TASK DESCRIPTION:
Pictures in the listing below are skipped, while the lines from the "- Redmi Turbo" line through the "Bu paket, günde" line are returned word for word.

THE RECORDS:
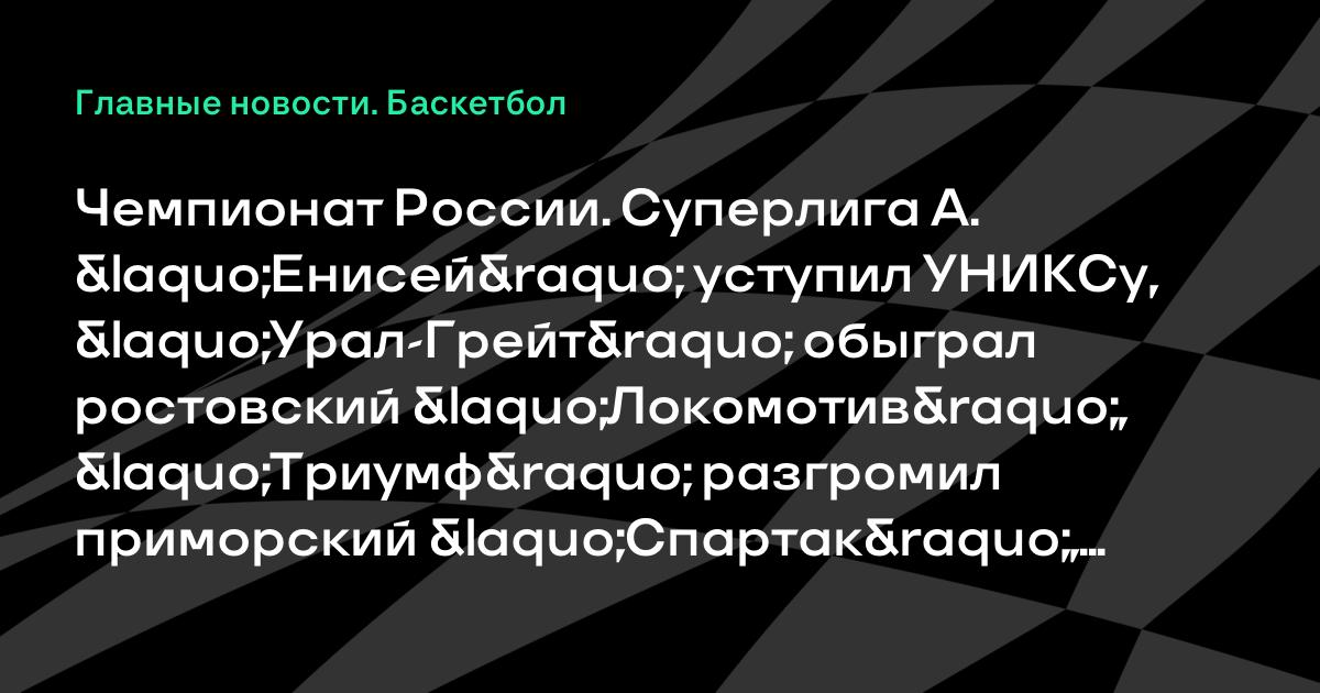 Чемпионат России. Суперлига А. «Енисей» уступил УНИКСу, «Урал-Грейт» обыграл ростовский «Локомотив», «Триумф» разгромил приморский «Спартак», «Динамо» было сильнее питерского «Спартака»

--

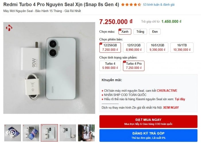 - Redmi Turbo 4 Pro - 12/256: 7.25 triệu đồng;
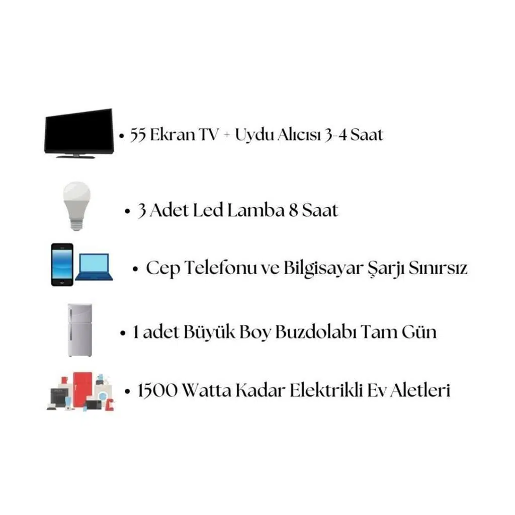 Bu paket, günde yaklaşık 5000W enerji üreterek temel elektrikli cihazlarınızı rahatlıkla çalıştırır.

--

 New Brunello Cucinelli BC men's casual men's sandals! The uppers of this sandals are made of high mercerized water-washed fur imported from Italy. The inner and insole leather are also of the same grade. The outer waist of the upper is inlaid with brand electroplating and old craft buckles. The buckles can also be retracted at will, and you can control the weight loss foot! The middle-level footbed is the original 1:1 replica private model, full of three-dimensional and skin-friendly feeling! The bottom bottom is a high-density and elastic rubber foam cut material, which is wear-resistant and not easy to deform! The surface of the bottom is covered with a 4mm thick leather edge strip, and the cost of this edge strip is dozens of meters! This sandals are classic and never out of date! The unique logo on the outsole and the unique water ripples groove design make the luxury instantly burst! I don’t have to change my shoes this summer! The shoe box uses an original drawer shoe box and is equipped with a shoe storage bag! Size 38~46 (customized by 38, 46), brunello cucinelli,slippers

RESPONSE TO THIS TASK:
 - Redmi Turbo 4 Pro - 12/256: 7.25 triệu đồng;
 Bu paket, günde yaklaşık 5000W enerji üreterek temel elektrikli cihazlarınızı rahatlıkla çalıştırır.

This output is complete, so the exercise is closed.